## Dataset extract
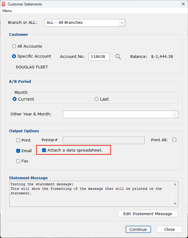 Emailed customer statements can now include a spreadsheet style formatted file with the current pdf file. The customer statement program now has an option to include the spreadsheet file when selected, and the customer document management now has a switch to include the spreadsheet file whenever a statement is sent by email.
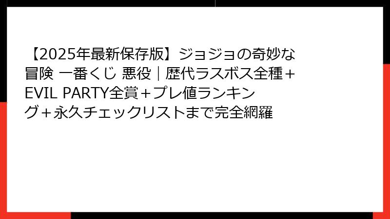 【2025年最新保存版】ジョジョの奇妙な冒険 一番くじ 悪役|歴代ラスボス全種+EVIL PARTY全賞+プレ値ランキング+永久チェックリストまで完全網羅
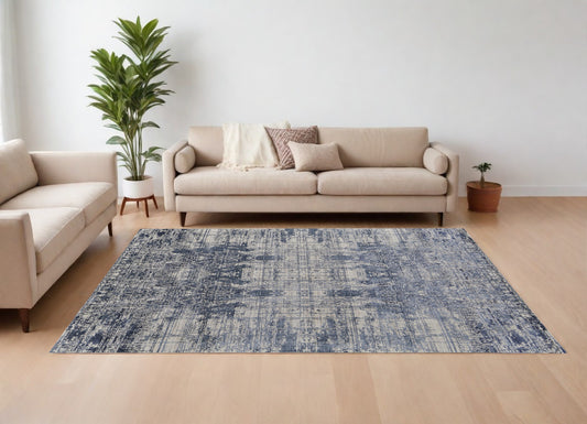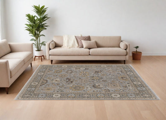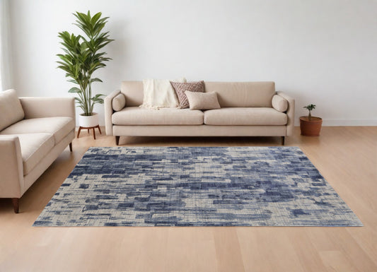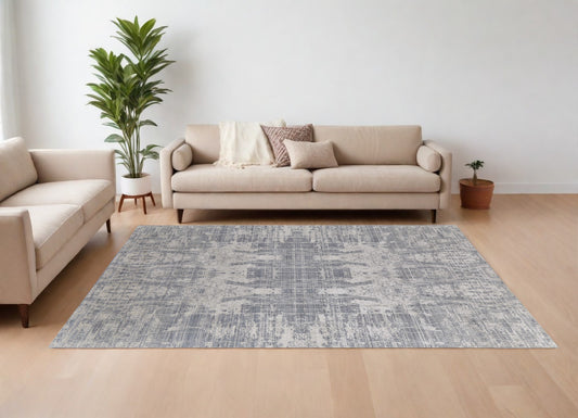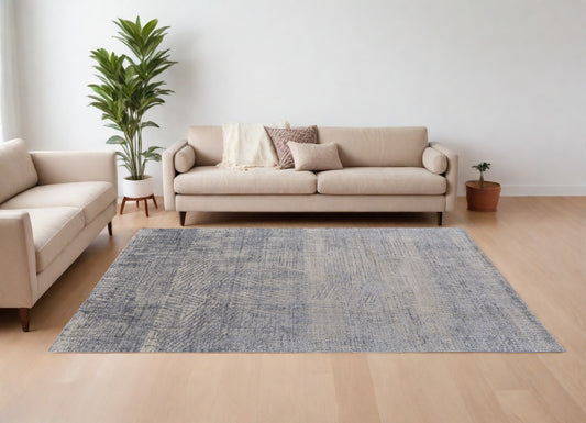 8 x 10 Gray Ivory & Blue Hand Woven Rug
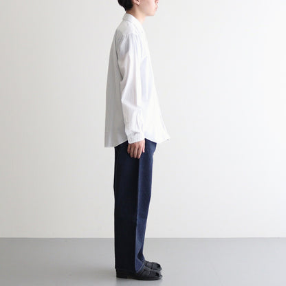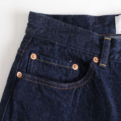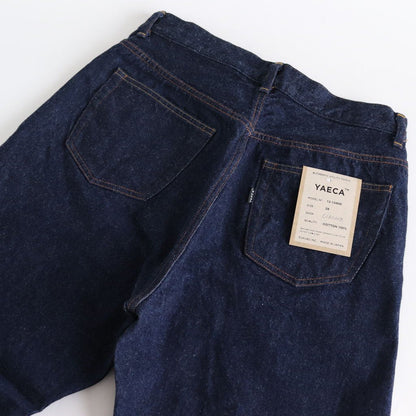 These denim pants have long been a favorite as YAECA's standard model. The authentic five-pocket design has a universal appearance. Made of YAECA's original 13-oz. selvedge denim, with every step of the process from yarn selection to weaving. The fabric is double-washed after production to remove excess indigo dye and stabilize the indigo hue, and then sun-dried to create a natural wrinkled appearance and blend in with the fabric. YAECA's original indigo denim has a strong and fresh bluish hue, and the fading and wrinkling that occurs as the jeans are worn for a long time will allow you to appreciate the quality of these jeans even more as they grow. The thickness and texture of the regular-ounce fabric will make them a pair of jeans that you can wear for a lifetime.
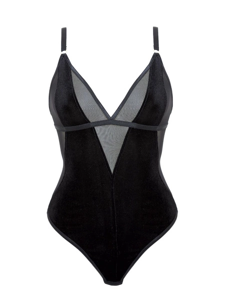 Передня частина боді спроектована так, щоб велюрові панелі закривали груди та живіт, а їхнє розташування оптично стрункішало силует і підкреслювало талію. Верхня частина створена на основі конструкції нашої бестселлерної бралетки Warsaw Night, цього разу в поєднанні з тюлем для повного комфорту та легкості носіння.
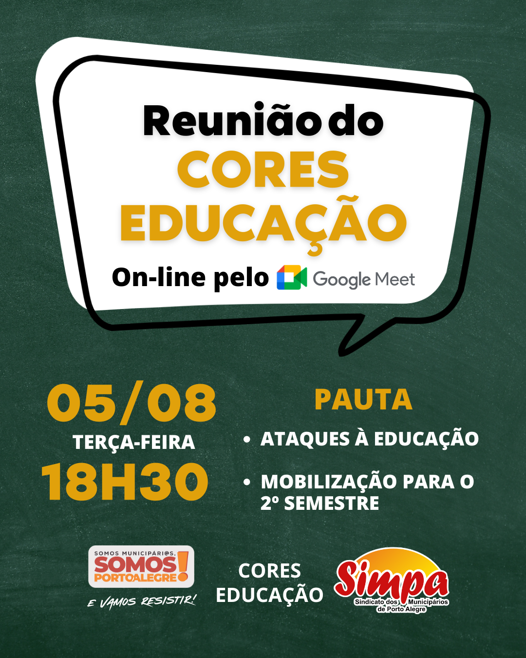 Dia 5/8 (terça-feira), às 18h30, através da plataforma Google Meet. O Cores Educação marca reunião, aberta para todos os trabalhadores e trabalhadoras da educação, para esta terça-feira (5/8), às 18h30, através da plataforma Google Meet. O link será disponibilizado no dia com a coordenação do Cores. A pauta da reunião tem 2 itens: Ataques à […]
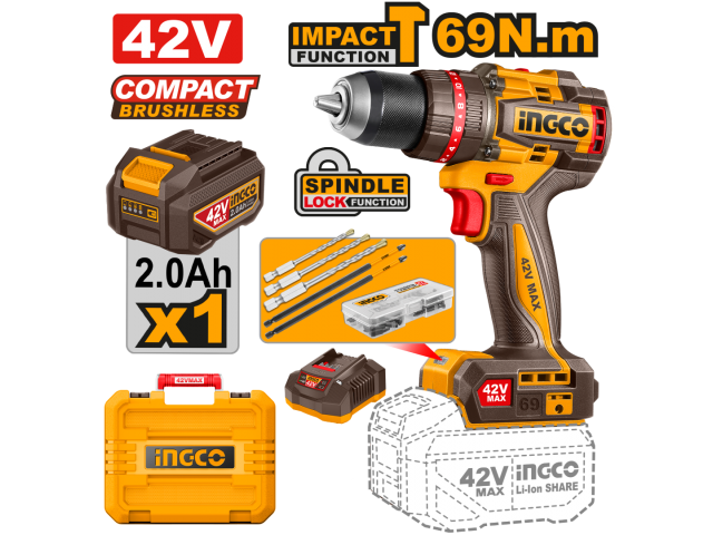 TALADRO ATORN. C/PERCUTOR A BATERIA 42V 69NM BRUSHLESS C/ BATERIA + CARGADOR + VALIJA + ACCESORIOS
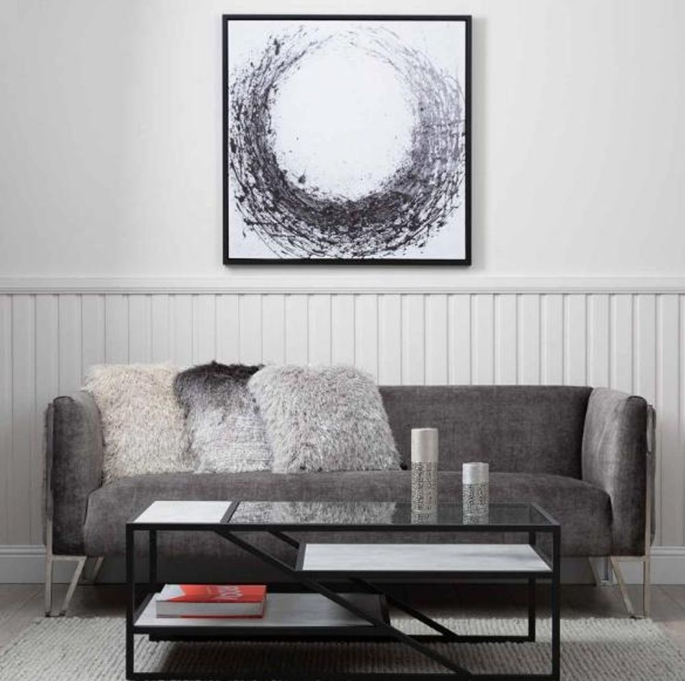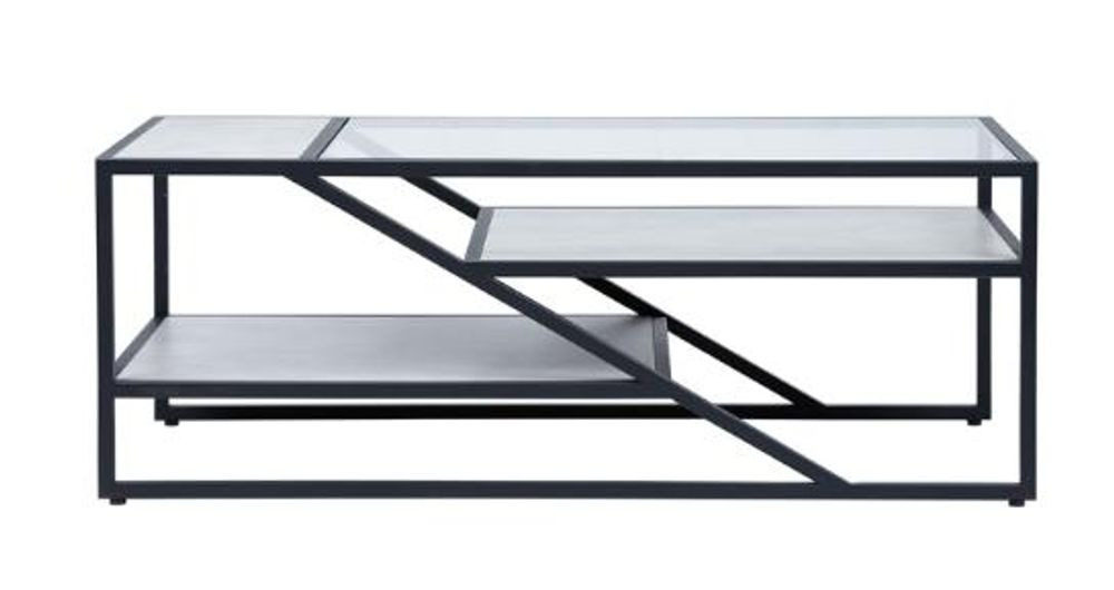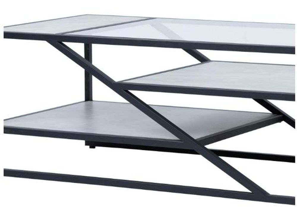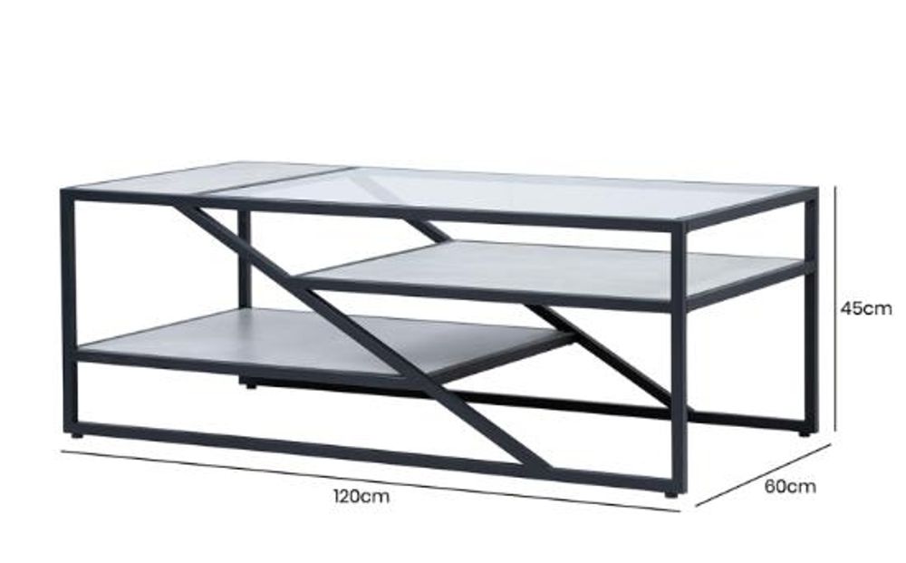 Item Code: MF321-00-BLGY If you are seeking a quirky, minimalistic look then this Aileen coffee table is definitely for you! Consisting of a black metal frame and three-tiered grey wooden, faux concrete finish, and glass shelves, this piece will enhance any modern living area.

## Exercise prompt
Look through the material above. Transcribe exactly the lines between the ones with "一番くじ 悪役|歴代ラスボス全種+EVIL PARTY全賞+プレ値ランキング+永久チェックリストまで完全網羅" and "8 x 10 Gray Ivory & Blue Hand Woven Rug", inclusive, and keep pictures out.

## Response area
 【2025年最新保存版】ジョジョの奇妙な冒険 一番くじ 悪役|歴代ラスボス全種+EVIL PARTY全賞+プレ値ランキング+永久チェックリストまで完全網羅
 8 x 10 Gray Ivory & Blue Hand Woven Rug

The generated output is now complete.